▸ The task:
Among the entries below, which lines run from the line with "特に注目すべきは、NEXCO" through the line with "En basistop af"? Retype those, both ends included, exactly and without pictures.

▸ Records to use:
_ _ _

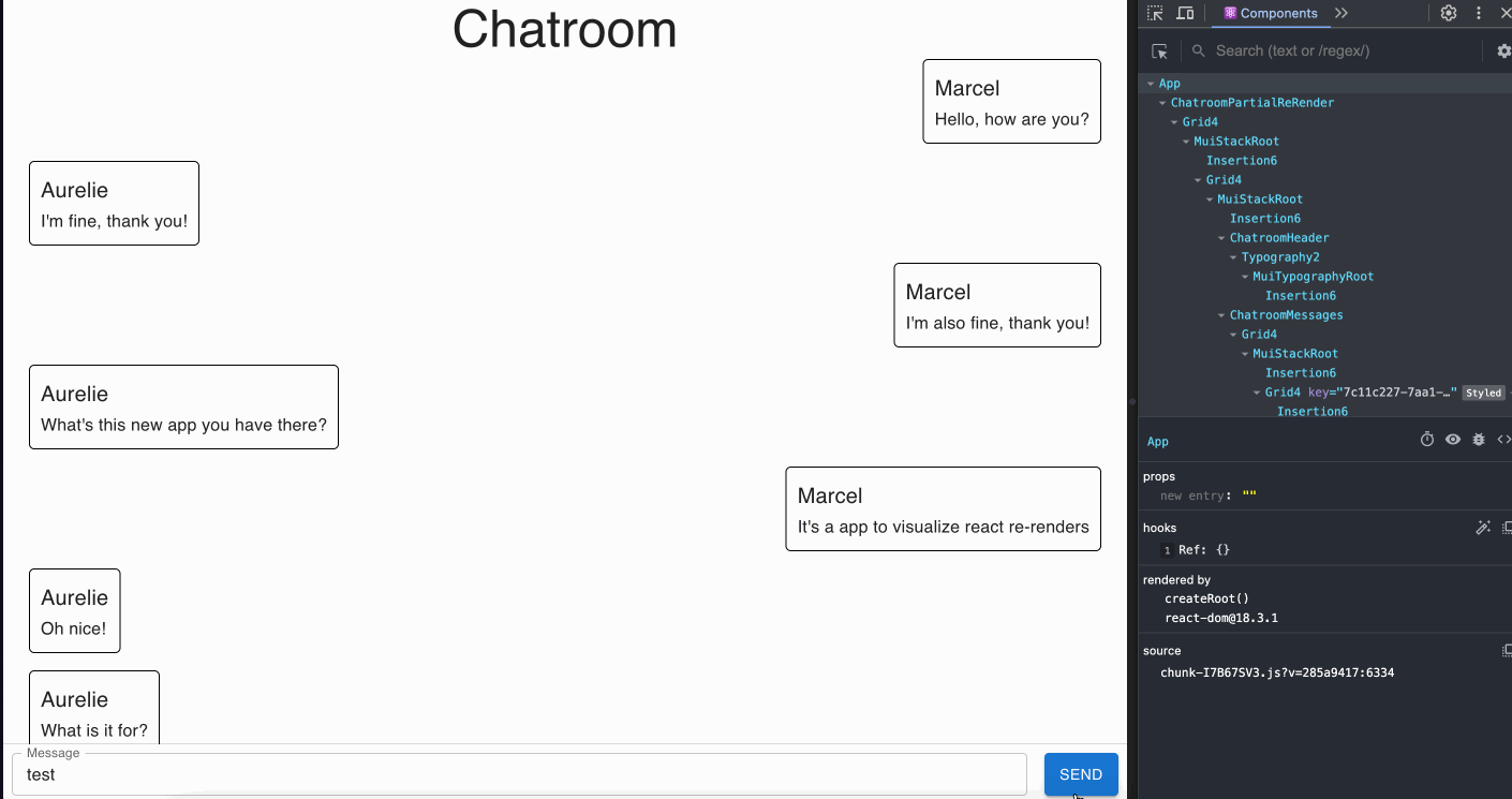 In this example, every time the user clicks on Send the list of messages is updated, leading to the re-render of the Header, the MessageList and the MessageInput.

_ _ _

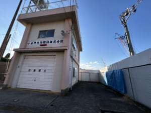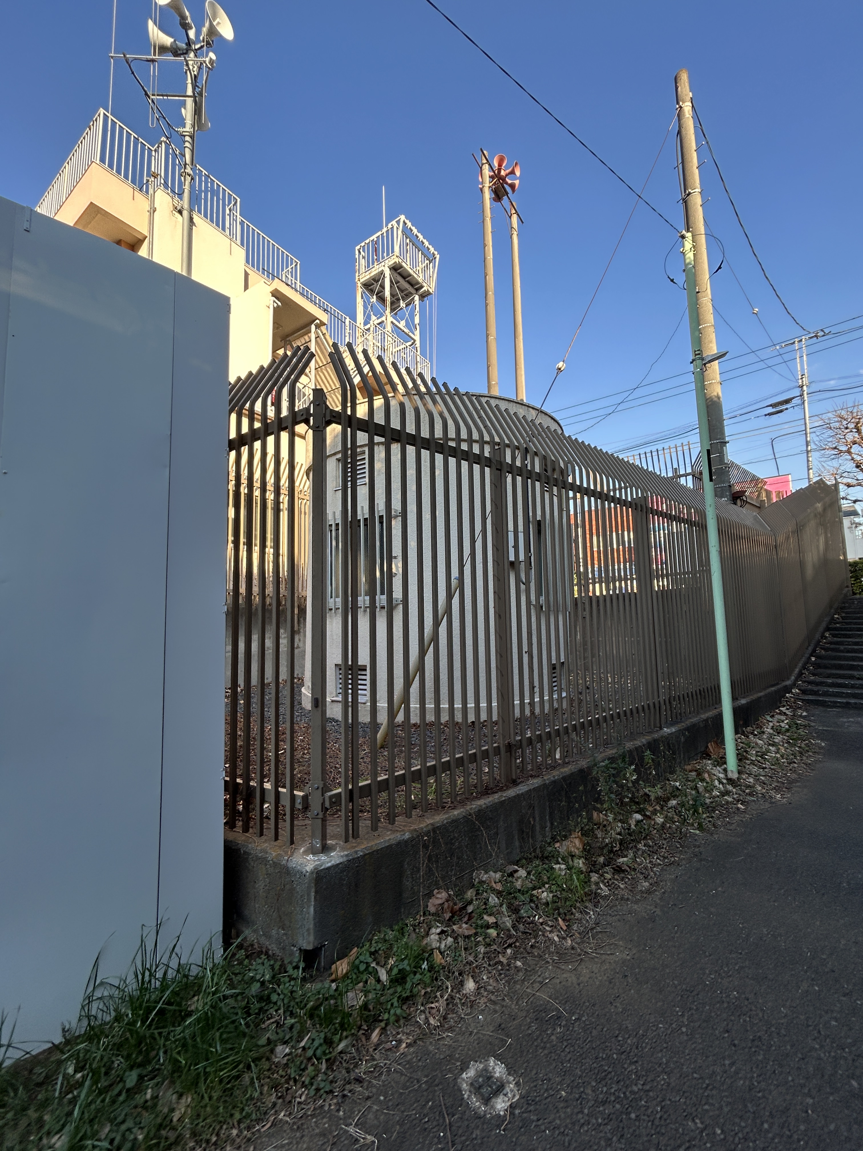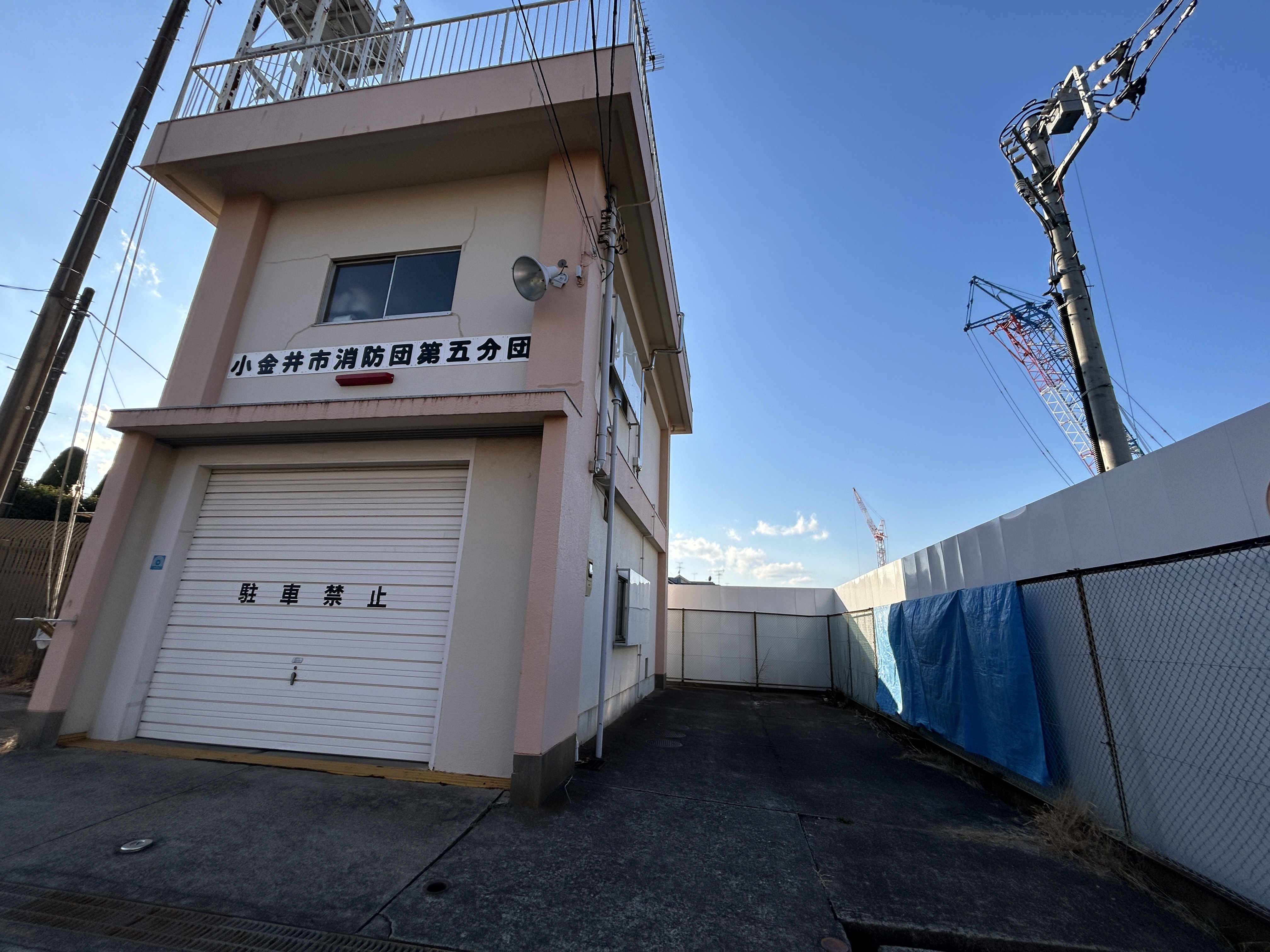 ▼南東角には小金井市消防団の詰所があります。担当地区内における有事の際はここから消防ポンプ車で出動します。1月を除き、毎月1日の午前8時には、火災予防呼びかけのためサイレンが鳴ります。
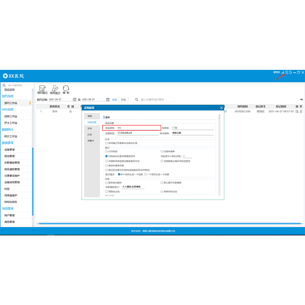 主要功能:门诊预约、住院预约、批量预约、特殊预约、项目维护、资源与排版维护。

_ _ _

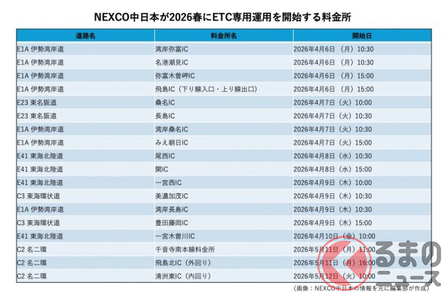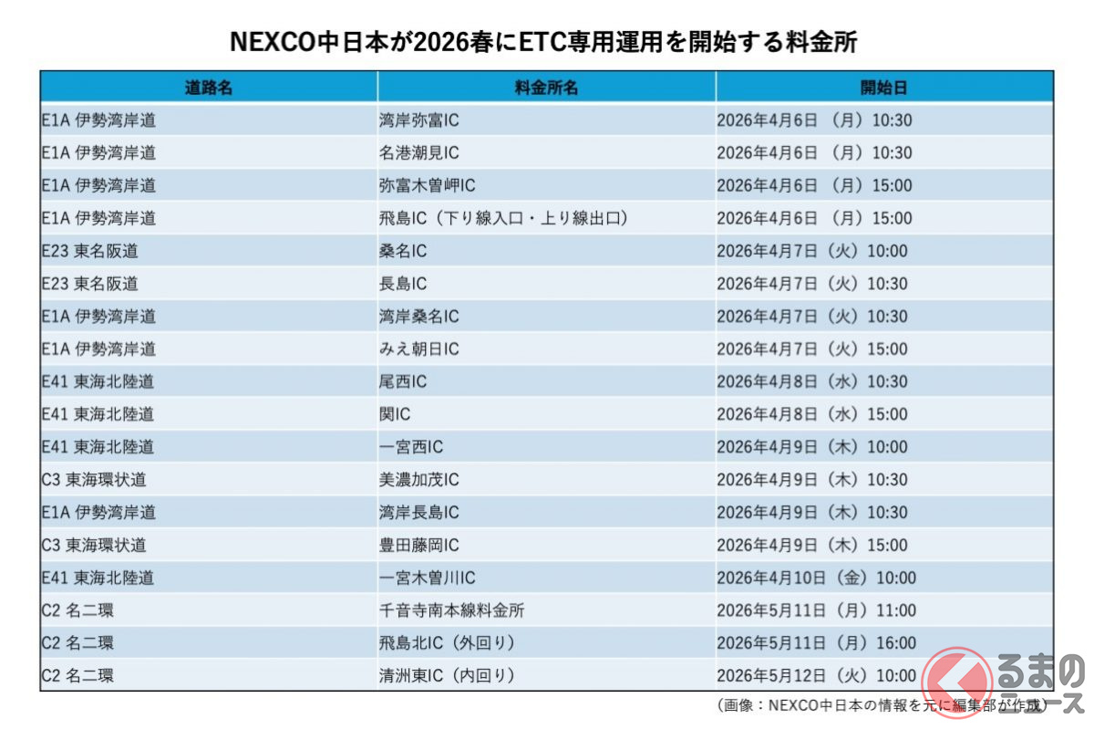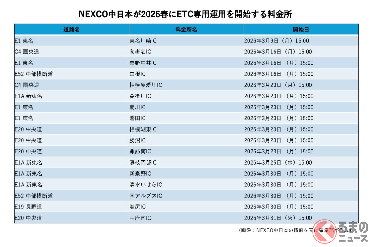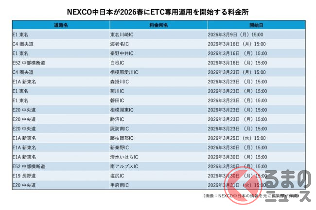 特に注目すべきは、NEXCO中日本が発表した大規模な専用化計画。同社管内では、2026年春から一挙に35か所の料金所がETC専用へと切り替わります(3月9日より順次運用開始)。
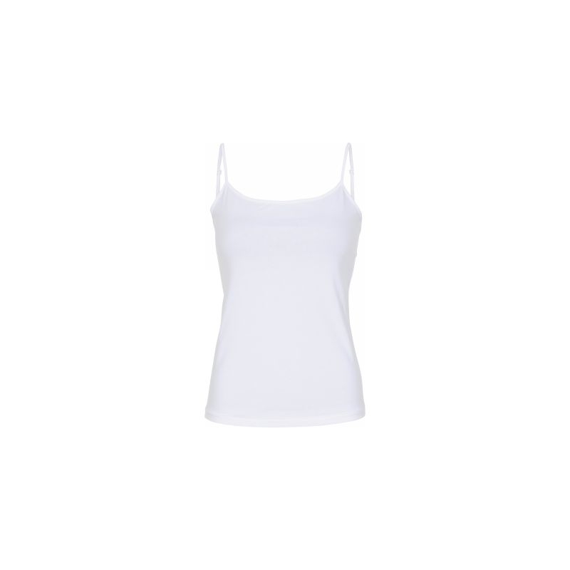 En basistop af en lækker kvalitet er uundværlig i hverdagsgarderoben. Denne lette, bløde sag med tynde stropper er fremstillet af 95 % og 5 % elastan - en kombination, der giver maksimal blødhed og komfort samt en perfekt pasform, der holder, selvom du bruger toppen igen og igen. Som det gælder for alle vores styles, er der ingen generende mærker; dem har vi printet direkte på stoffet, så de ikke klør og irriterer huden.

_ _ _

▸ Task output:
 特に注目すべきは、NEXCO中日本が発表した大規模な専用化計画。同社管内では、2026年春から一挙に35か所の料金所がETC専用へと切り替わります(3月9日より順次運用開始)。
 En basistop af en lækker kvalitet er uundværlig i hverdagsgarderoben. Denne lette, bløde sag med tynde stropper er fremstillet af 95 % og 5 % elastan - en kombination, der giver maksimal blødhed og komfort samt en perfekt pasform, der holder, selvom du bruger toppen igen og igen. Som det gælder for alle vores styles, er der ingen generende mærker; dem har vi printet direkte på stoffet, så de ikke klør og irriterer huden.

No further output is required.